Her makeup was impeccable. Vanessa’s posture and movements were those
associated with the traditional ideas of Mexican femininity: delicacy,
gentleness, empathy, sensitivity, and European-like prettiness. Vanessa’s
stylized movements even resembled those of her favourite artist, María Felix[8].
During the
interview, Vanessa recalled how, at the early age of eleven, she began to adopt
her mother’s role, for example, by cooking for all her siblings when her mother
needed to be at the hospital caring for an ill family member. She mentioned
how, through the years, she slowly started taking on her mother’s role within
the family, of guardianship. Vanessa also told me how her own role in the
family resembled that of her mother, such as
bringing her adult siblings (two brothers and three sisters) together
either daily and/or weekly. And while during the interview Vanessa told me that
she identified more with her sisters, she also mentioned having a good and
respectful relationship with her brothers since by then, she was for them, as
her mother still was, the “pillar” of the family. Additionally, Vanessa
mentioned how her female performances represented labour for her relatives.
More precisely, she told me about the expectations that her widowed mother and
five siblings had of her as the presumed person responsible for the maintenance
of their mother’s household, as well as the person in charge of the domestic
activities attached to this home. Besides, relatives expected Vanessa to care
for the family’s most vulnerable, such as children, the sick, and the elderly.

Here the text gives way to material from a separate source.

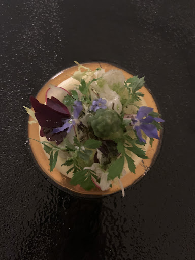 🪑 Atmosphere & Service The room’s layout is disorienting. All guests face inward toward a cluster of center tables, creating an odd “spotlight” effect on whoever is seated there (we were). No background music means the space gets louder as drinks flow — not ideal for a fine dining setting. Staff were kind but seemed undertrained and inconsistent. Despite the 15-minute staggered seating model, pacing was all over the place. Guests seated after us were served ahead of us and left nearly an hour earlier. For a venue at this level, service should feel seamless — it did not.

Most importantly, her siblings assumed that Vanessa, as perceived by them as
someone who transgressed the gender norms, would stay home and care for her own
mother, since she was not expected to leave the mother’s household to get
married. In other words, family members perceived Vanessa’s gender
transgression as an element that made her unsuitable for marriage and, in turn,
a likely caregiver for her mother.
While
many “vestidas,” like Vanessa, preferred to use women’s clothing, makeup, and
jewelry accessories daily, during my fieldwork, I met other “vestidas” who
chose to cross-dress only for special occasions. The term vestida was
thus also claimed by male-born individuals who lived their lives as men but
cross-dressed as women often or sporadically. The term “vestida,” then, was
even claimed by those who followed more masculine scripts (through clothing,
body postures and behaviours) daily and cross-dressed frequently or sporadically,
as well as by those who regularly adopted gracious and girly body movements –such
as constantly gesturing with their hands while talking, waving their hands, and
nodding their head in greeting, and moving their hips when walking. In order to
address this fusion between gender and sexuality, I will refer to a brief
historical context on Gregory Mitchell’s (2015) work in Latin America. Drawing
on the investigation of James Green (1999), Mitchell indicates that by the late
nineteenth century, when the medical system began to divide men who have sex
with other men into the categories of activos and pasivos,[9]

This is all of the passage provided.